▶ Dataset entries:
◇ ◇ ◇ ◇

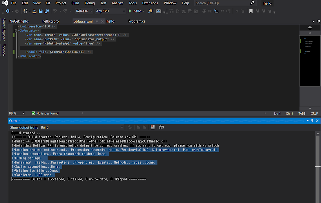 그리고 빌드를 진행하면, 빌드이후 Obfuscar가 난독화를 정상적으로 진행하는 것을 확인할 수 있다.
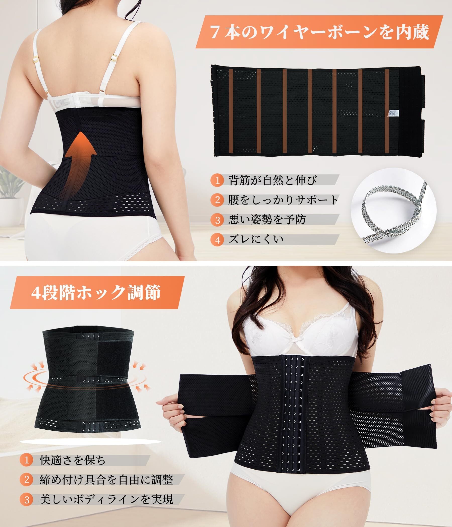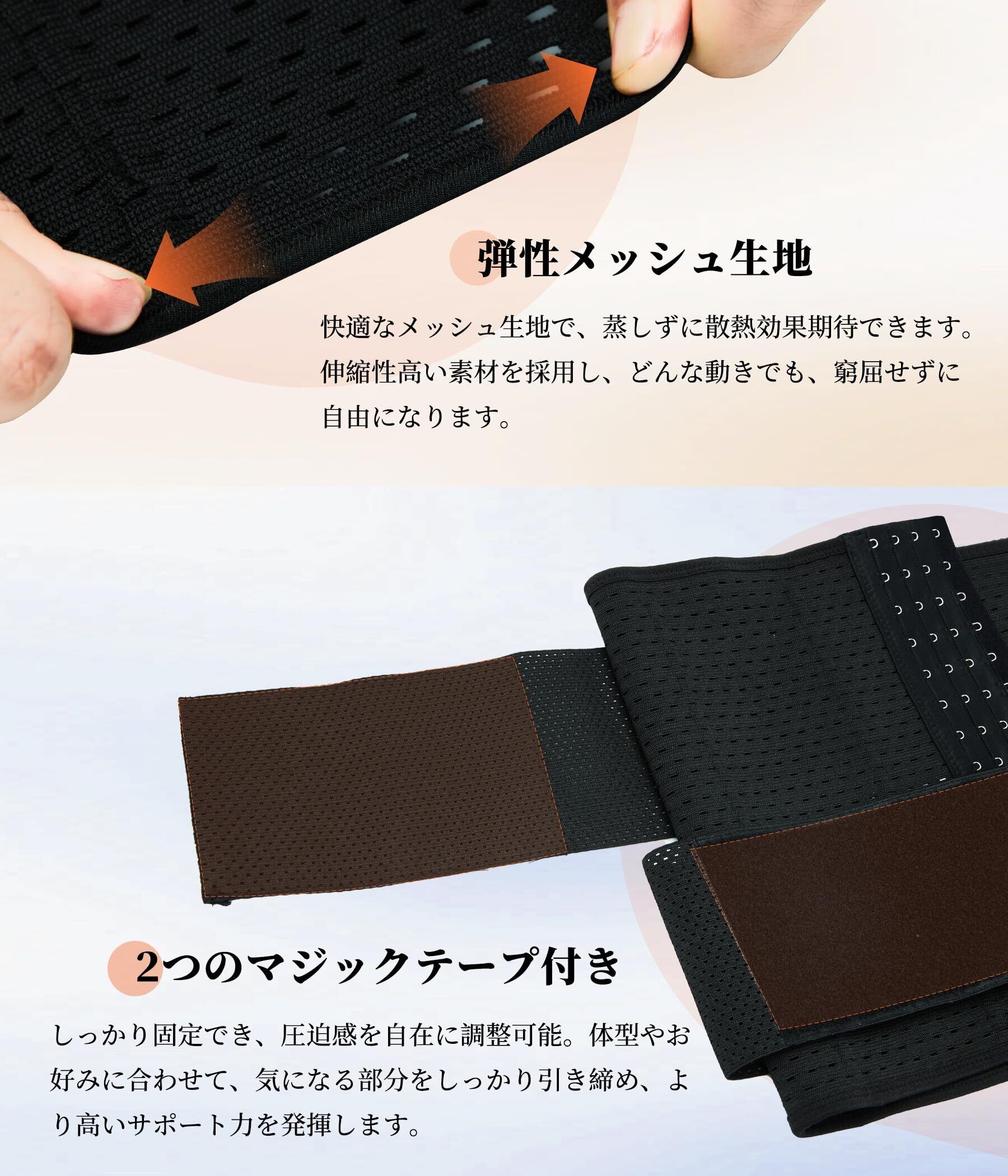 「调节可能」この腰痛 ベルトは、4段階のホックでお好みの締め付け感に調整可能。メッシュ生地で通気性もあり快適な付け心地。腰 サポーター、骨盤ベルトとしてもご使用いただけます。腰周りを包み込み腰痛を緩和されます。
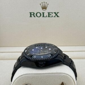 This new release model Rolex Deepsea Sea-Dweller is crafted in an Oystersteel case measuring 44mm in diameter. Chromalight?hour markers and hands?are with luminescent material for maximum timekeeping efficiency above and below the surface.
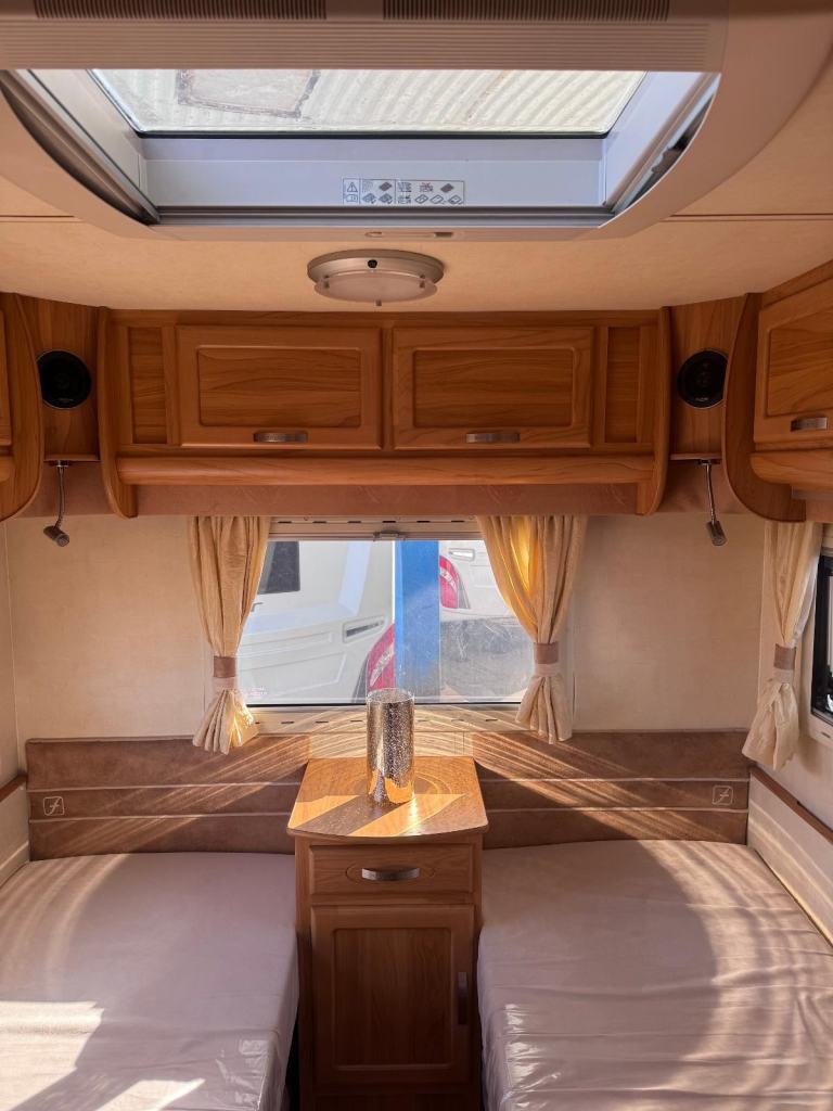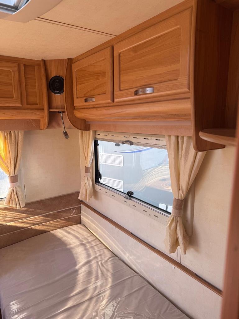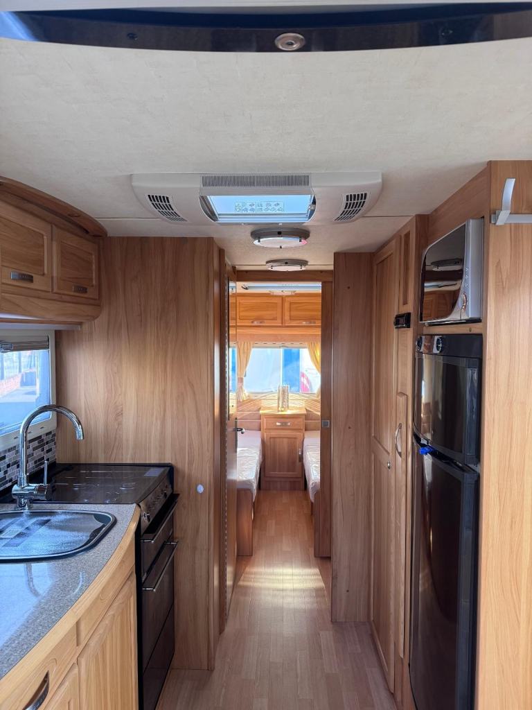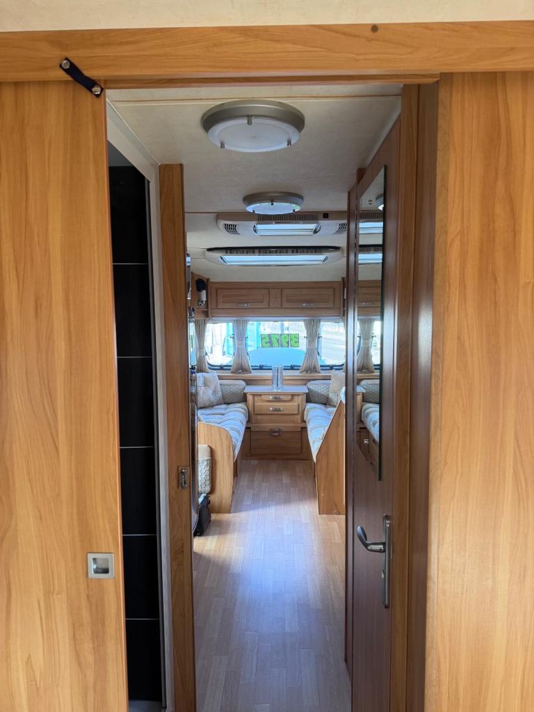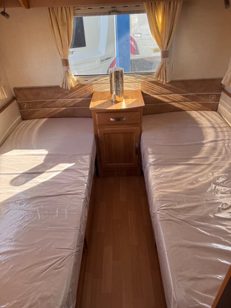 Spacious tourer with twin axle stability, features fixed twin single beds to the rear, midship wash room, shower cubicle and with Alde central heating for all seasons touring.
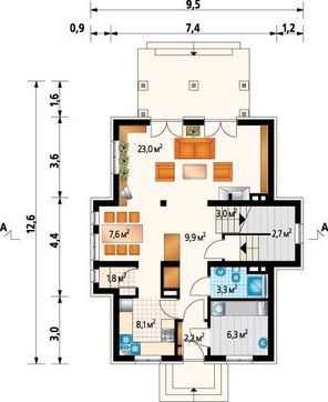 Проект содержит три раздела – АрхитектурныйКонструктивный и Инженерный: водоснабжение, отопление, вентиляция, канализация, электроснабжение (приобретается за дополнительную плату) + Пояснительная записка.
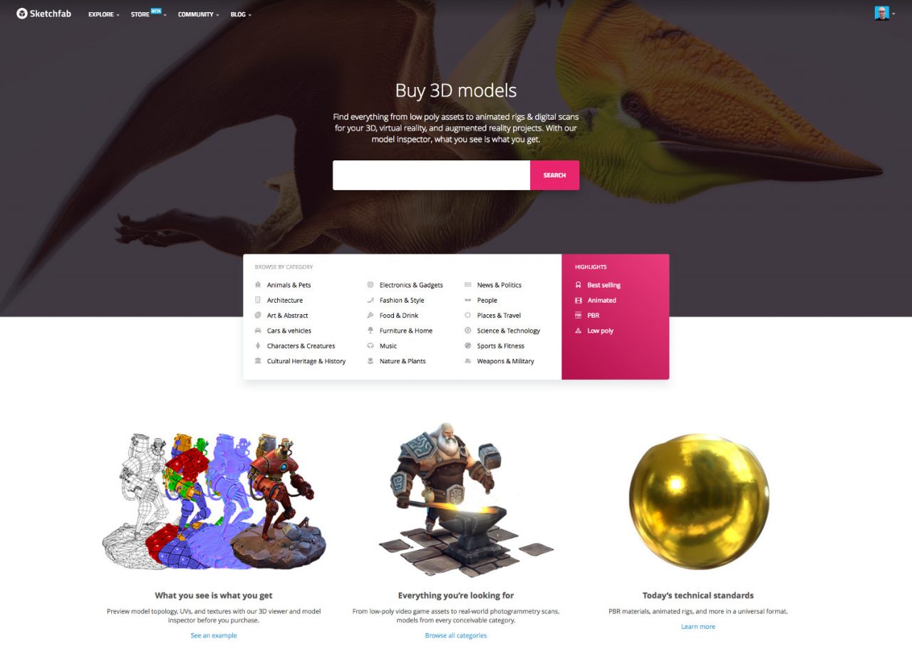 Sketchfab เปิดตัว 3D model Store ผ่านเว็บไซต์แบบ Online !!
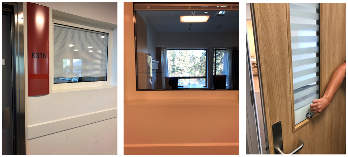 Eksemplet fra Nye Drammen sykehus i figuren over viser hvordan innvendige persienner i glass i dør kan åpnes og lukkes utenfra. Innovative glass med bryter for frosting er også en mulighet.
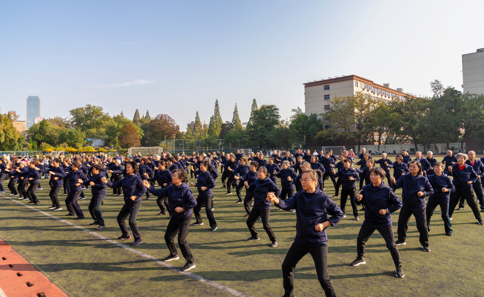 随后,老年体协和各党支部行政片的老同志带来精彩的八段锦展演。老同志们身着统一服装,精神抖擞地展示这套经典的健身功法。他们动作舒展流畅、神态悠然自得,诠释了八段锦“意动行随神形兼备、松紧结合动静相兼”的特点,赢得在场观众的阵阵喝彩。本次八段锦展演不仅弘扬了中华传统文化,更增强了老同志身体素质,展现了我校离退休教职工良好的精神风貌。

◇ ◇ ◇ ◇

▶ What the task requires:
Copy all the lines of data exactly as they appear, dropping any images.

▶ Written reply:
 그리고 빌드를 진행하면, 빌드이후 Obfuscar가 난독화를 정상적으로 진행하는 것을 확인할 수 있다.
 「调节可能」この腰痛 ベルトは、4段階のホックでお好みの締め付け感に調整可能。メッシュ生地で通気性もあり快適な付け心地。腰 サポーター、骨盤ベルトとしてもご使用いただけます。腰周りを包み込み腰痛を緩和されます。
 This new release model Rolex Deepsea Sea-Dweller is crafted in an Oystersteel case measuring 44mm in diameter. Chromalight?hour markers and hands?are with luminescent material for maximum timekeeping efficiency above and below the surface.
 Spacious tourer with twin axle stability, features fixed twin single beds to the rear, midship wash room, shower cubicle and with Alde central heating for all seasons touring.
 Проект содержит три раздела – АрхитектурныйКонструктивный и Инженерный: водоснабжение, отопление, вентиляция, канализация, электроснабжение (приобретается за дополнительную плату) + Пояснительная записка.
 Sketchfab เปิดตัว 3D model Store ผ่านเว็บไซต์แบบ Online !!
 Eksemplet fra Nye Drammen sykehus i figuren over viser hvordan innvendige persienner i glass i dør kan åpnes og lukkes utenfra. Innovative glass med bryter for frosting er også en mulighet.
 随后,老年体协和各党支部行政片的老同志带来精彩的八段锦展演。老同志们身着统一服装,精神抖擞地展示这套经典的健身功法。他们动作舒展流畅、神态悠然自得,诠释了八段锦“意动行随神形兼备、松紧结合动静相兼”的特点,赢得在场观众的阵阵喝彩。本次八段锦展演不仅弘扬了中华传统文化,更增强了老同志身体素质,展现了我校离退休教职工良好的精神风貌。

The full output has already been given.